B. Recovery of Fees under the Texas Statute
JVS argues that the Court should award it attorney’s fees under the Texas CNCA.
AVL argues that the CNCA’s fee-shifting provision does not apply to the circumstances
of this case.1 The CNCA provides that courts have discretion to award attorney’s fees
under the following circumstances:
If the primary purpose of the agreement to which the
covenant is ancillary is to obligate the promisor to render
personal services, the promisor establishes that the promisee
knew at the time of the execution of the agreement that the
covenant did not contain limitations as to time, geographical
area, and scope of activity to be restrained that were
reasonable and the limitations imposed a greater restraint than
necessary to protect the goodwill or other business interest of
the promisee, and the promisee sought to enforce the
covenant to a greater extent than was necessary to protect the
goodwill or other business interest of the promisee, the court
may award the promisor the costs, including reasonable
attorney’s fees, actually and reasonably incurred by the
promisor in defending the action to enforce the covenant.
The parties do not dispute that the Court should apply Texas law on this issue.
Tex.

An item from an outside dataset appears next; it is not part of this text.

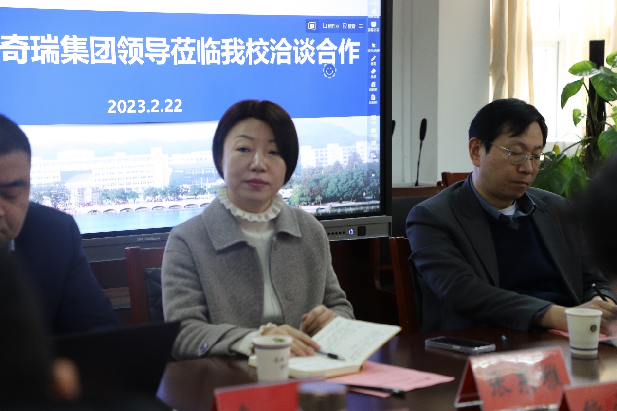 2月22日上午,芜湖奇瑞控股集团人力资源总监张东雅、奇瑞新能源人力资源总监周明、奇瑞商用车人力资源总监金武、奇瑞汽车股份有限公司人力资源部副部长毕全国、奇瑞控股集团招聘中心主任李伟一行5人来我校国际合作交流处(国际教育学院)在会议室就校企合作事宜进行座谈交流。学校党委常委、副校长熊宇杰,研究生院(研究生工作部)院长、部长桑青松,社会合作处(校友工作办公室)处长宋波、发展规划处(学科建设办公室)处长汪凯、国际合作交流处(国际教育学院)处长、院长张德让,副处长、副院长葛亚东参加会议。
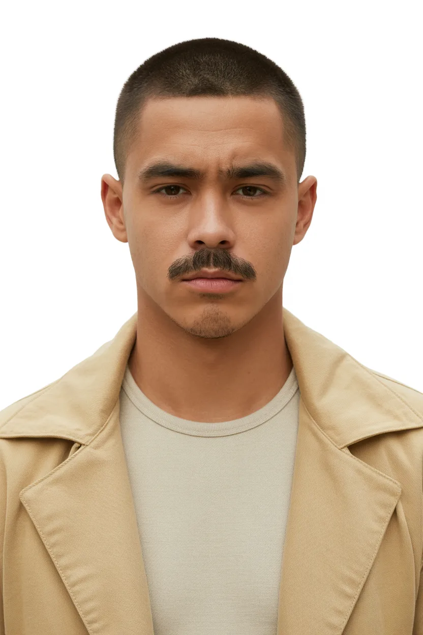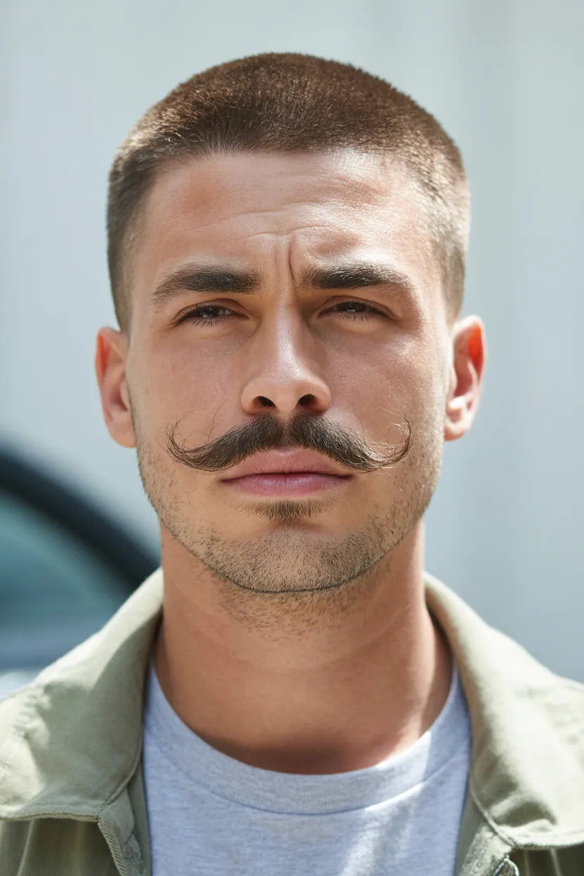 The Short military mustache stays compact, neat, and disciplined. It does not grow too wide, and it never hangs low over the lip. Everything about it looks controlled.

Bus. & Com. Code Ann. § 15.51(c) (emphasis added).
According to Texas courts, to recover attorney’s fees under this provision, the
primary purpose of the contract at issue must be to obligate the party subject to the
unreasonable non-compete to provide “personal services.” Franlink, Inc. v. GJMS
Unlimited, Inc., 401 S.W.3d 705, 711 (Tex. App. 2013) (“[S]ubsection (c) provides for an
award of attorney’s fees in a single circumstance: In the context of a personal-services
agreement, attorney’s fees may be awarded to a promisor who satisfies certain
evidentiary requirements in defending against enforcement of an unreasonable
covenant.”) (emphasis added); Jackson v. Ali Zaher Enterprises, LLC, No. 05-18-00288CV, 2019 WL 698019, at *2 (Tex. App. Feb. 20, 2019) (indicating that the “personal
services” showing is a prerequisite to the recovery of fees).
AVL argues that the unlawful covenants at issue in this case were not ancillary to
any agreement that had such a purpose. The Court agrees. The unlawful non-solicitation
and non-disclosure provisions that AVL sought to enforce are found in the QPA. But the
primary purpose of the QPA was not to obligate JVS to render any “personal services.”

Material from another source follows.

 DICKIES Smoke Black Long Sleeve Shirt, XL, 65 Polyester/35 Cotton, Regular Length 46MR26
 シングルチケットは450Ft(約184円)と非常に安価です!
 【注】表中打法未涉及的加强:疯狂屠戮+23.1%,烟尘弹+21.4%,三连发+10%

Moreover, even if the QPA is considered in conjunction with the hauling agreements
under which JVS hauled loads for AVL, there is still no basis to conclude that the
primary purpose of those agreements was to obligate JVS to provide “personal services.”
The CNCA does not define the term “personal services,” but Texas’ appellate
courts have generally applied the fee-shifting provision of § 15.51(c) in situations where
employers seek to unreasonably enforce unlawful non-compete provisions against
employees. For example, in the few published decisions discussing § 15.51(c), the Texas
Court of Appeals has broadly referred to the provision as one allowing employees to
recover from employers. Franlink, 401 S.W.3d at 710 (citing § 15.51(c) and describing it
as a fee-shifting provision “in favor of employees if an employer seeks to enforce a
covenant to an extent greater than was necessary to protect its goodwill or other business
interest”); see also Ginn v. NCI Building Sys. Inc., 472 S.W.3d 802, 825 (Tex. App.
2015) (stating that “[u]nder section 15.51, an employee, not an employer, is entitled to
recover attorney's fees in an action to enforce a covenant not to compete” and citing
§ 15.51(c) as providing that a “court may award employee ‘costs, including reasonable
attorney’s fees,’ but containing no provision for award of fees to employer”); Glattly v.
Air Starter Components, Inc., 332 S.W.3d 620, 645 (Tex. App. 2010) (“Section 15.51(c)
only provides for an award of attorney’s fees to an employee in limited circumstances; it
makes no provision for an award of fees to an employer.”). Shifting fees only in those
cases where an employer acts unreasonably in enforcing a restraint on trade is consistent
with the public policy reflected in Texas statutes—it recognizes the typical imbalance of
resources that the two sides can bring to bear in a dispute over former employees’ postseparation competitive work, protects an individual’s ability to work, and safeguard’s
employers’ investment in their development of trade secrets and employee training. See
Marsh USA Inc. v. Cook, 354 S.W.3d 764, 768–71 (Tex. 2011) (discussing Texas’ public
policy goals in enforcement of covenants not to compete).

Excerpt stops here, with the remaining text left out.